Gausman is a righty version of Pomeranz, electric stuff that plays remarkably out of the bullpen but trying to establish himself as a starter. Just like Pomeranz, Gausman is on a one-year deal that will be appealing to just about any team across the league. The Giants have a rotation led by Johnny Cueto, who is due $21 million next year and thus would be harder to move, along with Logan Webb, Tyler Anderson and Trevor Cahill, another wild-card trade chip. All are pitching well, while Drew Smyly may have been most impressive before getting hurt and Jeff Samardzija is rehabbing his way back.

The Giants have depth. It is feasible Zaidi and Scott Harris could turn Gausman into a younger piece who’s ready to help while still keeping an able rotation intact and sending a message that they’re contending.

It is also feasible that there are enough hazards to making trades during a pandemic, in which teams’ bubbles do not want to burst with COVID, that this deadline will be much quieter than a normal season’s.

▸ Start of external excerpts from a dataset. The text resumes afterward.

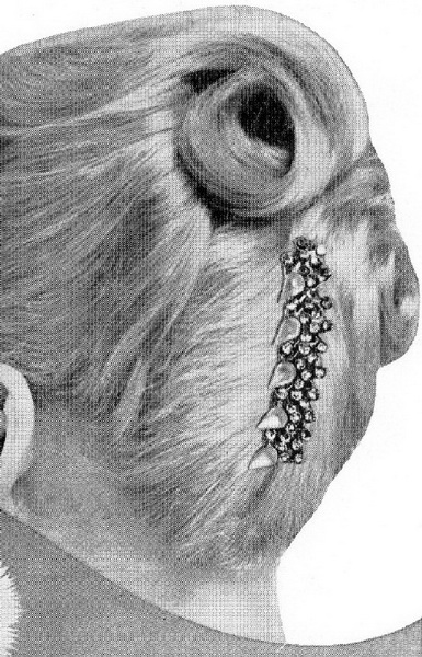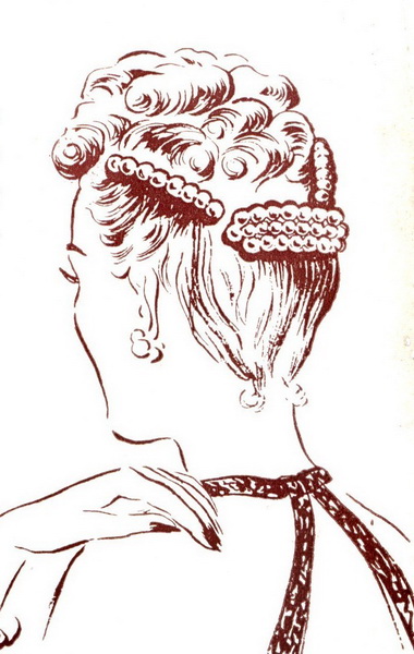 The final illustration is taken from a contemporary ad in American Hairdresser 1960 and shows contemporary hair accessories in the elaborate Baroque style.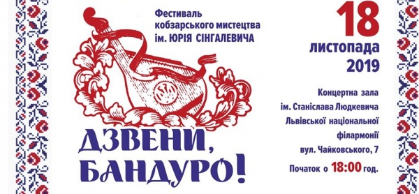 18 листопада 2019 року в приміщенні концертної зали ім. Ст. Людкевича Львівської національної філармонії відбудеться обласний фестиваль кобзарського мистецтва ім. Ю. Сінгалевича «Дзвени, бандуро!».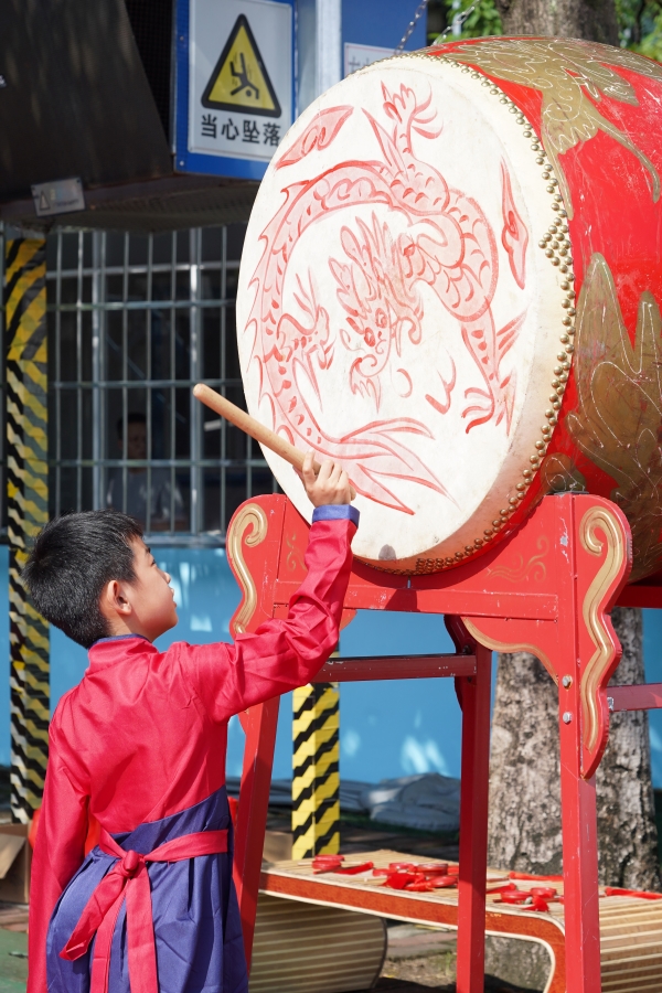 击鼓,勤奋读书;再击鼓,锻炼身体;三击鼓,强国有我!年级组长聂芹老师带领学生代表庄严又神圣地击鼓鸣志,每一声鼓声都寓意着崭新的希望,击鼓三通,打开孩子们的漫漫求学路。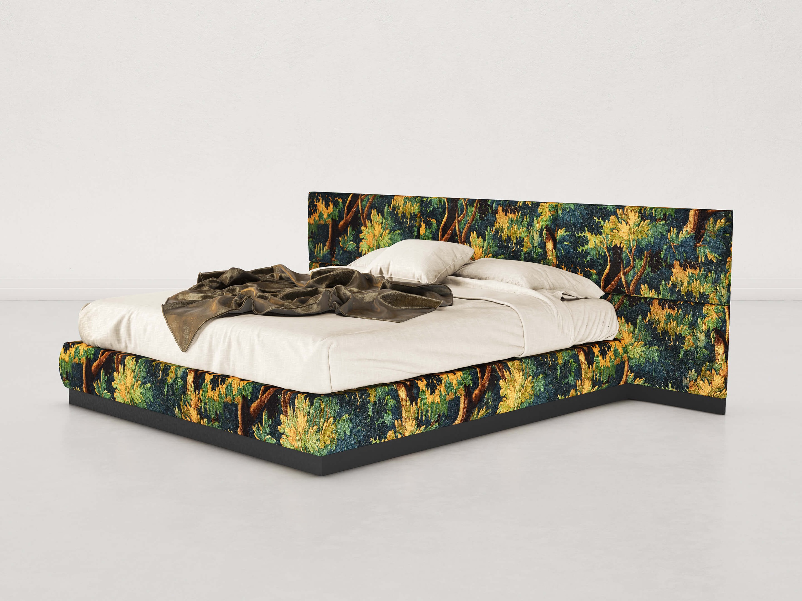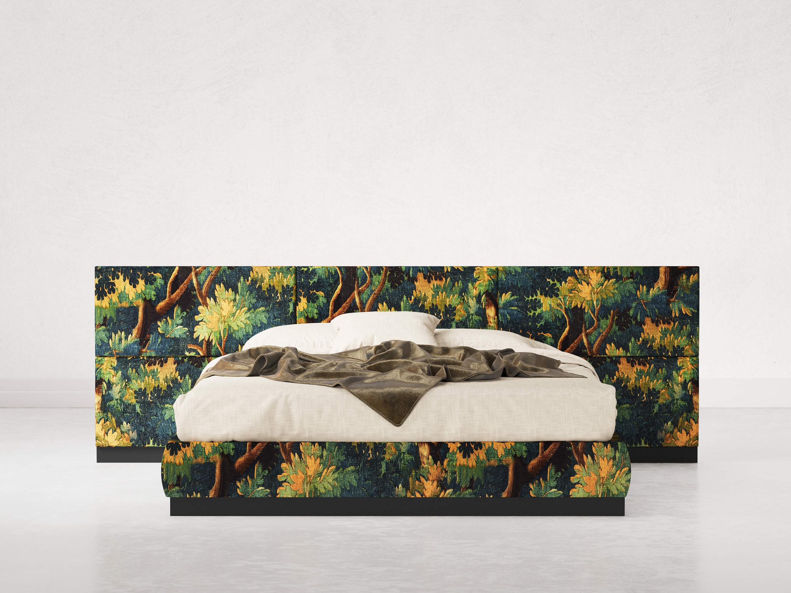 Inspired by the iconic 1950s design movement of the Italian Style, the Senza Fine bed lends itself to changing skins depending on its surroundings.

“Everybody’s sensitive to the challenges of any player movement right now,” Zaidi said over Zoom on Thursday. “But I think front offices are going through their usual due diligence and then probably going to layer on the complexity and difficulty of the times we’re in right now later on.

“But the kind of table setting for the trade deadline, the conversations are happening like they would have in any year. It’s just hard to answer the question of whether that materializes into the same number of trades we’re used to seeing.”

In recent memory at least, we’re used to seeing the Giants become sellers. Could furthering this run turn one of their own prospects into a helpful bullpen piece?

It is not every season they have a chance at a postseason run, but the Giants are uniquely knowledgeable about the damage any team can do when it qualifies for the postseason. It is not every season the Giants have an MVP candidate, and that is exactly what Mike Yastrzemski has been through the first half. The contributions are coming from everywhere — they’re averaging seven runs a game during the current win streak without the help of Donovan Solano, who’s 6 for his last 32 (.188). Sure, there are some fires that will grow colder (Wilmer Flores), but there is plenty of reason to think the lineup has become legitimately one of the better ones in baseball.

Perhaps Yastrzemski does not continue his MVP pace and takes a step back, baseball’s WAR leader (2.2) reverting to merely being a very good player. But perhaps the bullpen continues righting itself and Gott more resembles the reliever he was last year, the former Giants closer last in WAR (negative-1.2) through the first half.

There are plenty of reasons for the Giants to bank on further progress from a group that is on the upswing. There are not quite as many reasons to believe this run is a mirage in an unseasonably warm San Francisco summer.

Which puts Trader Farhan in a vastly different spot than he was a week ago.

“I believe in this club,” Kapler said Sunday. “I believe in the resilient nature of this club. I believe in the offensive strides we’ve made, obviously the starting pitching has been one of the strengths of this club. I just believe in our capability from every angle right now.”